I got the motor out of my MRC engine. Now how do I remove the brushes? Is there a special wrench to remove the notched, semi nut looking thingamajig? Here's a pic:


----------



## tjcruiser (Jan 10, 2010)

I have ZERO experience with one of those, but would a needle nose pliers (with the nose ends positioned in the notches) allow you to unscrew the holder thingy?

Just a blind guess ...

TJ


----------



## JohnAP (May 4, 2011)

TJ,

I thought the same thing. I wanted to get some experienced advice before I twisted something else off. I hooked it up to track power and she runs, both headlights even still work!


----------



## shaygetz (Sep 23, 2007)

It should just drop out, the notch is only there for a spring wire type brush, like an older Mantua motor.


----------



## JohnAP (May 4, 2011)

Now I'm even more confuzzled. The brushes just drop out?


----------



## shaygetz (Sep 23, 2007)

JohnAP said:


> Now I'm even more confuzzled. The brushes just drop out?

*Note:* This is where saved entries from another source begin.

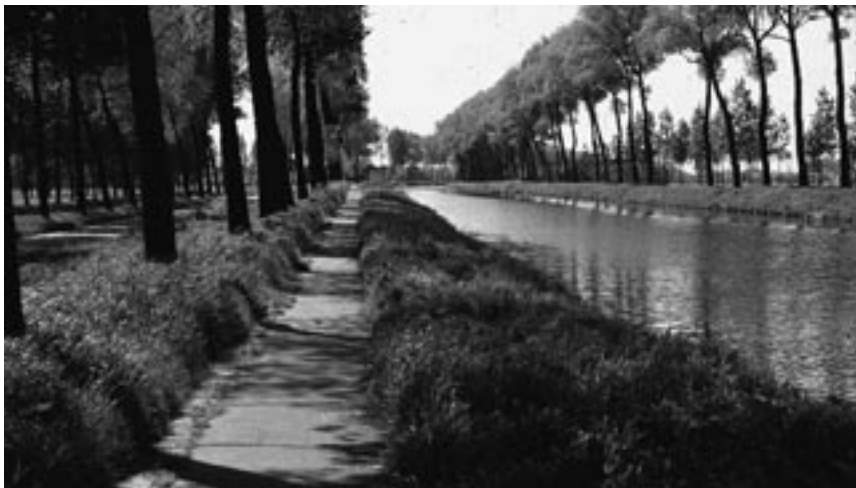
7. Functionele schoonheid, het Albertkanaal, België
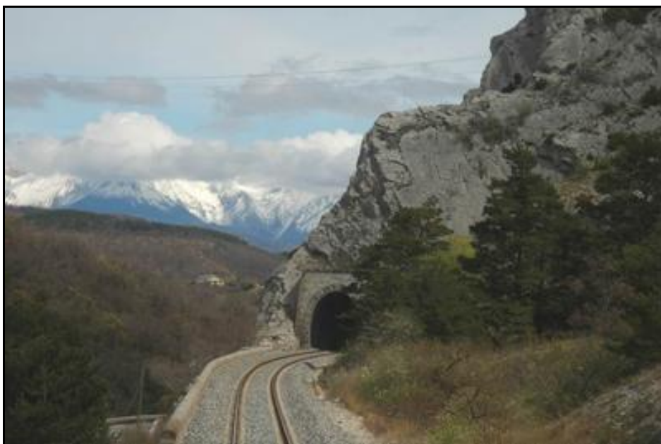
Le tunnel de Fontaine dans son magnifique cadre
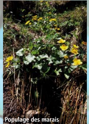
Populage des marais
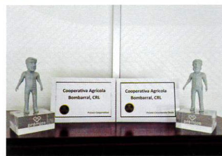
2. PRÉMIO DA COOPERATIVA AGRÍCOLA DO BOMBARRAL

desenvolvido na Cooperativa Agrícola do Bombarral, por uma equipa de profissionais empenhados, contribuiu, por um lado, para promover a redução da poluição ambiental e o cumprimento dos normativos legais, e por outro, com os prémios recebidos, ajudar financeiramente duas entidades locais de solidariedade social e humanitária".
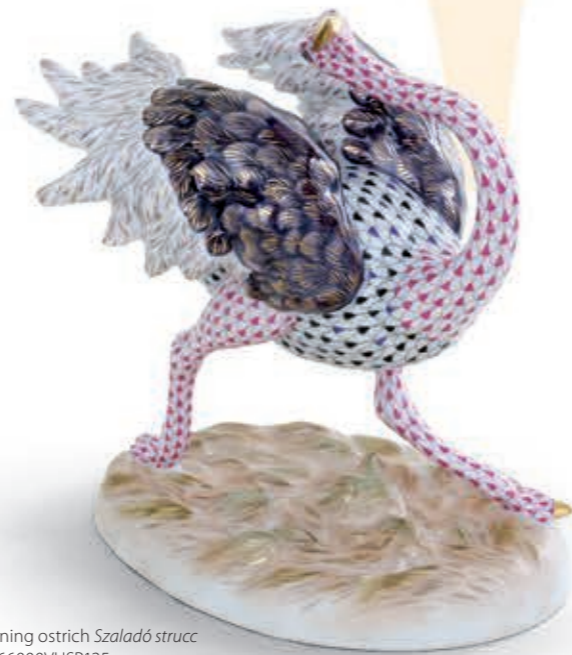
Running ostrich Szaladó strucc 16066000VHSP125
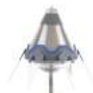
S60 60 microssegundos
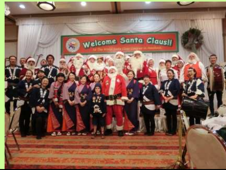
世界サンタクロース会議開催の支援（天草市）

市町村や地域の方々の自主的な地域づくりの取組みや、市町村域や県境を越えて連携した取組みを総合的に支援します。
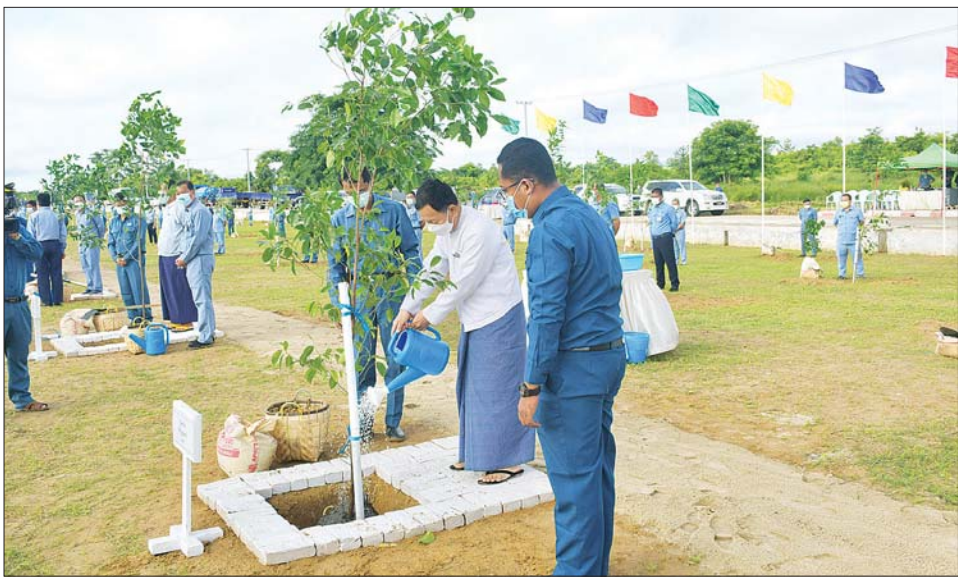
နေပြည်တော် ကောင်စီဥက္ကဋ္ဌ နေပြည်တော် စည်ပင်သာယာရေးကော်မတီဥက္ကဋ္ဌ မြို့တော်ဝန် ဒေါက်တာ မောင်မောင်နိုင် မိုးရာသီသစ်ပင်စိုက်ပျိုးပွဲအထိမ်းအမှတ် သစ်ပင်စိုက်ပျိုးပေးစဉ်။

ပြည်ထောင်စုနယ်မြေနေပြည်တော် စီမံခန့်ခွဲရေးနှင့် သဘာဝ ပတ်ဝန်းကျင် ထိန်းသိမ်းရေးတို့ အတွက် နေပြည်တော်စည်ပင် သာယာရေးကော်မတီ၏ ၂၀၂၂ ခုနှစ် မိုးရာသီသစ်ပင်စိုက်ပျိုးပွဲ ကို ယနေ့နံနက်ပိုင်းက ဒက္ခိဏ သီရိမြို့နယ် မြစ်မခလမ်း သံတမန်ဇုန်အတွင်း မြေနေရာ၌ ကျင်းပသည်။
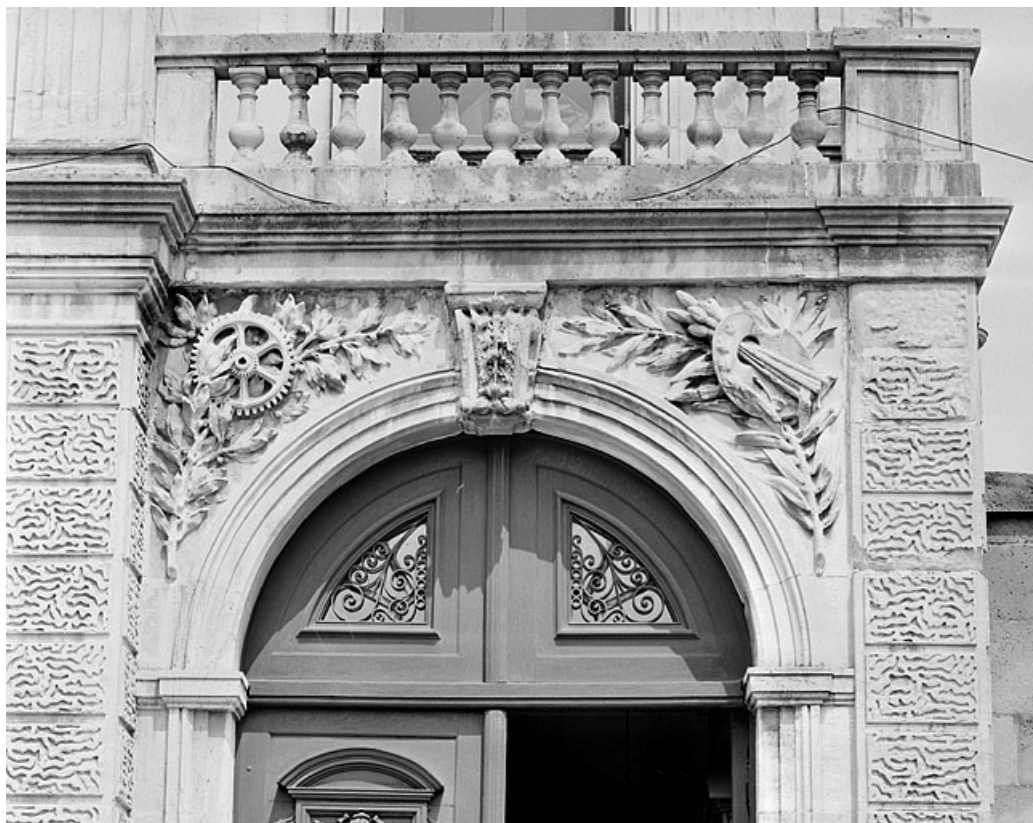
Banque. Façade principale, détail de la porte bâtarde.
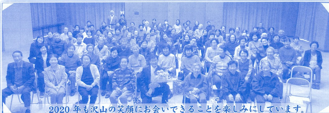
2020年も沢山の笑顔にお会いできることを楽しみにしています。

各種ご案内で教室の開始時間が異なっており、混乱を招きましたこととお詫び申し上げます。
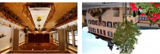
Dorfgemeinschaftshaus und alter Schulhof

Aus dem 18. Jahrhundert stammt das ehemalige fürstbischöfliche Zehnthaus, das 1872 von der Gemeinde erworben und jahrzehntlang als Schul- und Gemeindegarten genutzt wurde. Die Schulhausenerweiterung aus den 1950er-Jahren wurde nach Auflösung der Dorfschule zum Dorfgemeinschaftshaus umgebaut. Der abtrennbare Saal bietet bis zu 180 Personen Platz für Konzerte, Theateraufführungen, Ausstellungen oder Familienfeiern. Ein Konferenzraum bietet für bis zu 30 Personen Platz im 2014 sanierten denkmalgeschützten Teil. Daneben steht es auch den Vereinen für Sport und Musikproben offen und beherbergt im Untergeschoß den Geräteraum der freiwilligen Feuerwehr.
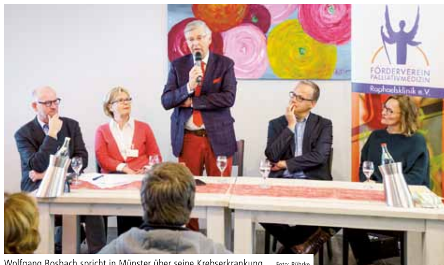
Wolfgang Bosbach spricht in Münster über seine Krebserkrankung
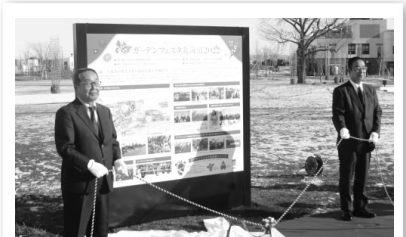
12/17 ガーデンフェスタ北海道 2022 記念プレート除幕式
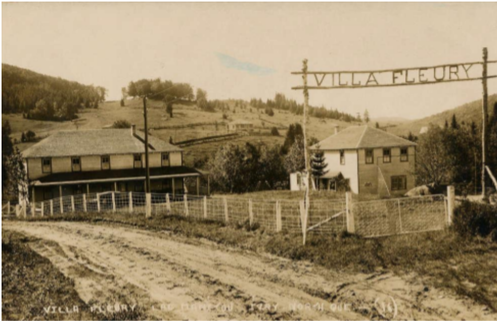
La Villa Fleury, vers 1925 carte postale par Ludger Charpentier, no 16 (Patrimoine-Laurentides)

La Villa Fleury était opérée par la famille Fleury depuis au moins 1925 lorsqu'une petite annonce dans La Presse disait « LAC MANITOU Villa Fleury, Ivry, Que, endroit idéal pour vacances. Eau courante, électricité, tennis, danse, etc. Prix modéré.»
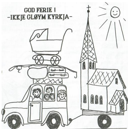
(Teikning: Marit Sandal)
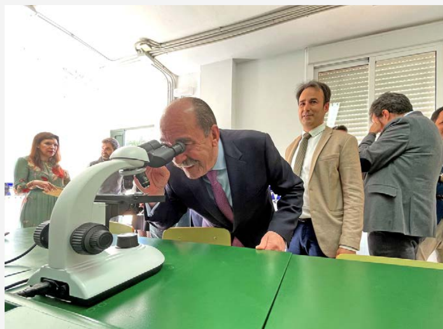
AULA DE CIENCIAS SAFA FUNCADIA
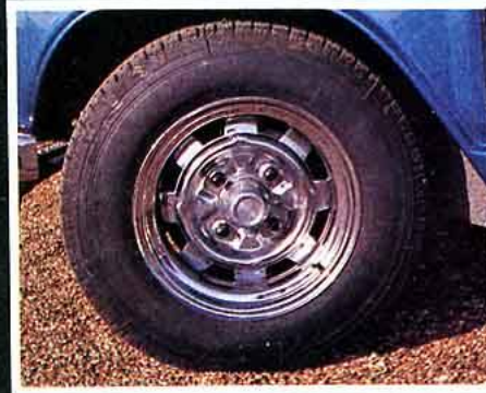
Mangels chromées. Spéciales Coccinelle, mais elles s'adaptent aussi sur l'Aronde en bricolant les goujons, sachez-le !!
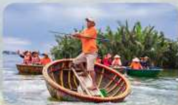
นั่งเรือกระด้ง

Mercury Bana Hill French Village บานาฮิลล์
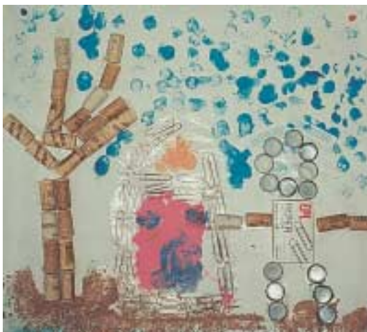
Ομαδική σύνθεση από παιδιά. Μεικτή τεχνική: Κολάζ από άχρηστο υλικό, ζωγραφική και τυπώματα.

Κολάζ μπορεί να γίνει και για διακοσμητικούς λόγους, όπως για να φτιάξουμε το δικό μας χαρτί περιτυλίγματος, για να τυλίγουμε τα δώρα μας ή για να διακοσμήσουμε μια κατασκευή μας (μάσκα, κορνίζα) ή για να φτιάξουμε κάρτες Χριστουγεννιάτικες, γενεθλίων ή προσκλήσεις.

Yes, they are only held in by the springs and whatever backs those up, usually a cap or post of some sort. Brushes are made of carbon and need to "float" in and out for wear and riding the armature. Yours is most likely stuck in some corrosion or rust in the brush tube itself, a carefully placed point from an Xacto knife between the armature and the brush may help break that grip.


----------



## JohnAP (May 4, 2011)

Shay,

Isn't that notched nut looking thingy the cap that holds the spring, and consequently the brush in the motor?


----------



## shaygetz (Sep 23, 2007)

JohnAP said:


> Shay,
> 
> Isn't that notched nut looking thingy the cap that holds the spring, and consequently the brush in the motor?


It looks like the cap and spring are already off. The cap on that particular motor has a very small hole in it, is six sided and should spin off like a nut.


----------



## JohnAP (May 4, 2011)

*mystery solved!*

The whole brass notched-nut-looking thing is actualy an assembly. Unscrew the assembly and on the underside is a tube that has the spring in it, an insulating washer, and the brush. Now all I need is new brushes!


----------



## shaygetz (Sep 23, 2007)

I know where two more of those motors are... :thumbsup:


----------



## tjcruiser (Jan 10, 2010)

JohnAP said:


> The whole brass notched-nut-looking thing is actualy an assembly. Unscrew the assembly and on the underside is a tube that has the spring in it, an insulating washer, and the brush. Now all I need is new brushes!


... and a new insulating washer ...  Hope you can fabricate a new one.

Hey, just out of curiosity, is the spring a conventional coil spring, or a spring like a cut paper clip with two straight ends?

TJ


----------



## JohnAP (May 4, 2011)

Shaygetz, you the man! Are there any companies that carry just the brushes?


----------



## JohnAP (May 4, 2011)

TJ,

It's a short coil spring. As for the insulating washer, I used to build my own computers, and the washer is almost exactly the same as the ones I used to mount motherboards to chasis!


----------



## shaygetz (Sep 23, 2007)

JohnAP said:


> Shaygetz, you the man! Are there any companies that carry just the brushes?


You'll not find those, they haven't been made for 25 years...I do know where 2 more of those motors are though...


----------



## JohnAP (May 4, 2011)

*motor*

Shaygetz,

Can you PM me your source?


----------



## shaygetz (Sep 23, 2007)

That source would be my parts drawer...


----------



## JohnAP (May 4, 2011)

I should have known! As I said, you the man! Is there any other motor that would work in this loco without depleting your parts drawer?


----------